In the exploratory analysis, we further conducted stratified analysis for the effects of ONH blood flow on dietary supplementation, according to the axial length. Greater ONH blood flow was observed in those with a shorter axial length (Figure 3a), but not in those with a longer axial length (Figure 3b).
4. Discussion
In this retrospective self-controlled study, we demonstrated that a single oral administration of a dietary supplement containing a red ginger extract was associated with increased ONH blood flow, as assessed by LSFG in patients with OAG. Furthermore, continued supplementation over one month maintained an elevated ONH blood flow, suggesting a sustained association in the short term. Although retrospective in nature, and we did not assess the observed perfusion changes to any single ingredient since the supplement contained multiple bioactive components (including red ginger extract, lutein, and vitamin B6), this study provides human evidence supporting the vascular efficacy of a red ginger-derived supplement in glaucomatous eyes.

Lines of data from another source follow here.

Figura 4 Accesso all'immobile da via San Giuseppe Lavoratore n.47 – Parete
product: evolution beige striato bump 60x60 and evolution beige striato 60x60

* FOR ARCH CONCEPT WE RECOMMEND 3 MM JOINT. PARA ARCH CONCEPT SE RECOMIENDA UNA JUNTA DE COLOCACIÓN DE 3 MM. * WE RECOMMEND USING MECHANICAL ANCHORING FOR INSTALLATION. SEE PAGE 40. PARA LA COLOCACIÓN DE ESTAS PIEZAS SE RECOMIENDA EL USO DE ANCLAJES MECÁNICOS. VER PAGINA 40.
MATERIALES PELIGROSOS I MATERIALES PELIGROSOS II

Red ginger contains multiple phenolic compounds, including 6-gingerol, 8-gingerol, and 6-shogaol, that exhibit antioxidative, anti-inflammatory, and vasodilatory properties [11,12,13]. These compounds promote endothelial NO synthase activity, inhibit ET-1–mediated vasoconstriction, and reduce oxidative stress in vascular endothelium [11,12,13]. In a recent experimental study, Takahashi et al. demonstrated that red ginger extract restored retinal and ONH blood flow and ameliorated ET-1-induced ischemic injury in rats [13]. Our human data corroborate these experimental findings, suggesting that red ginger supplementation may enhance ocular perfusion through NO-dependent vasodilation and endothelial stabilization. Beyond vascular regulation, red ginger polyphenols and trace minerals may support the mitochondrial energy metabolism and protect RGCs from oxidative injury [15,16]. Given that mitochondrial dysfunction and microvascular dysregulation are central to glaucomatous neurodegeneration, these bioactive compounds may confer indirect neuroprotection via improved perfusion and reduced oxidative burden.

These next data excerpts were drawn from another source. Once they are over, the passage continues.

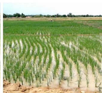
Rijstverbouw in afwachting van de start van de tuinbouw in november
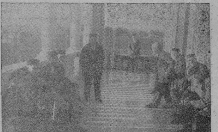
Y los ancianos tienen también, en su departamento, la tertulia, amable y familiar, al aire libre

Muchos de ellos tuvieron un oficio que, con pueril vanidad, continúan ejerciendo. Pero les falta la fuerza a muchos y a otros les tiemblan las manos: para casi todos llegó ya la vejez, con su séquito de achaques y sufrimientos.
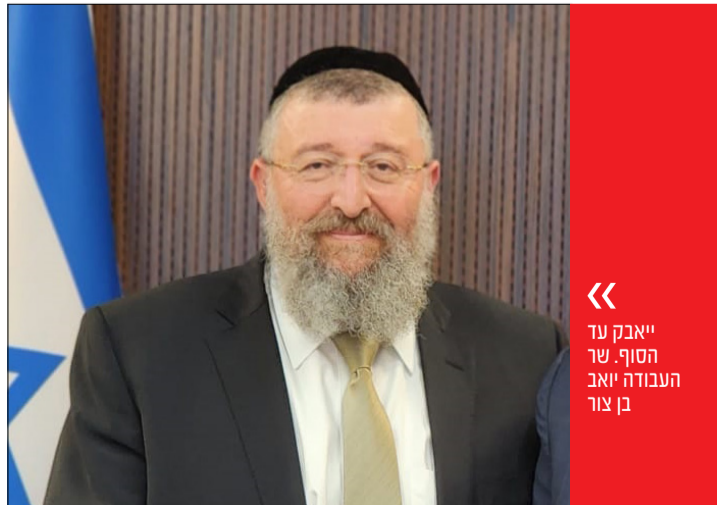
« ייאבק עד הסוף. שר העבודה יואב בן צור
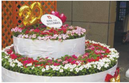
おもてなしの心で作ったフラワーケーキ
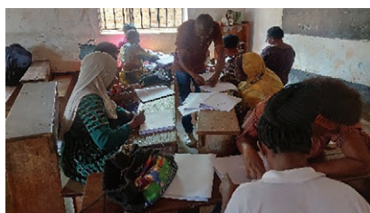
La production de livres scolaires.
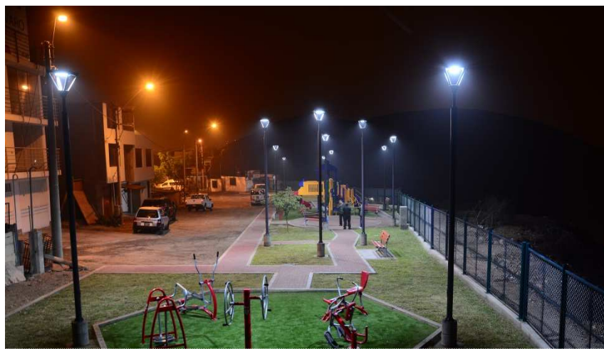
Pq. N° 1 – Hijos de Constructores
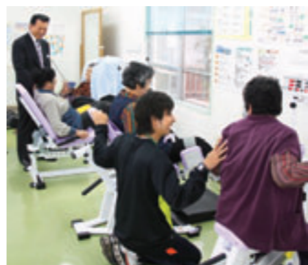
▲指導士が機器利用をアドバイス。利用者に好評！

市では、高齢者の介護予防・健康づくりを目的とした『がんばりゅう教室』を佐敷・玉城・大里・知念・久高の5カ所で実施しています。その施設整備として、油圧式筋力トレーニングマシンを福祉センター（玉城地区）、知念児童屋内体育館、総合保健福祉センター（大里地区）へ3台ずつ新たに設置し、今回で全地区に充実した機器が揃いました。『がんばりゅう教室』には、健康運動指導士が派遣され、高齢者へ油圧式筋力トレーニングマシンの利用方法の指導・助言等も行われます。市民の皆さん、『がんばりゅう教室』に参加して日本一元気な魅力ある南城市を目指しましょう！

Although NO-dependent vasodilation is a plausible mechanism underlying the observed increase in ONH perfusion, the supplement used in this study (ClearvisionTM RC, Rohto Pharmaceutical Co., Ltd., Osaka, Japan) also contained lutein, vitamin B6, and minerals—all of which may modulate vascular function through overlapping or complementary pathways. Lutein is known to accumulate in the retina and ONH, where they neutralize reactive oxygen species and enhance microvascular reactivity [19]. Several clinical studies have reported that lutein supplementation improves ocular blood flow indices and retinal vascular responsiveness in healthy subjects [14]. B-vitamins—particularly B6, B12, and folate—may decrease homocysteine levels, mitigating endothelial injuries linked to impaired ocular perfusion, independent of NO pathways [20,21,22]. Thus, the perfusion changes observed in this study should not be attributed exclusively to red ginger or NO enhancement but rather should be considered the possible result of synergistic interactions among multiple antioxidative and vasculotropic nutrients. Although we did not evaluate the functional (i.e., visual field progression) or structural (i.e., macular pigment density) outcomes after supplementation, the collective evidence supports the concept that nutritional modulation of vascular and oxidative pathways may help stabilize ocular circulation and potentially slow age-related retinal neurodegeneration. Future clinical trials are warranted to confirm these effects and to determine long-term visual benefits.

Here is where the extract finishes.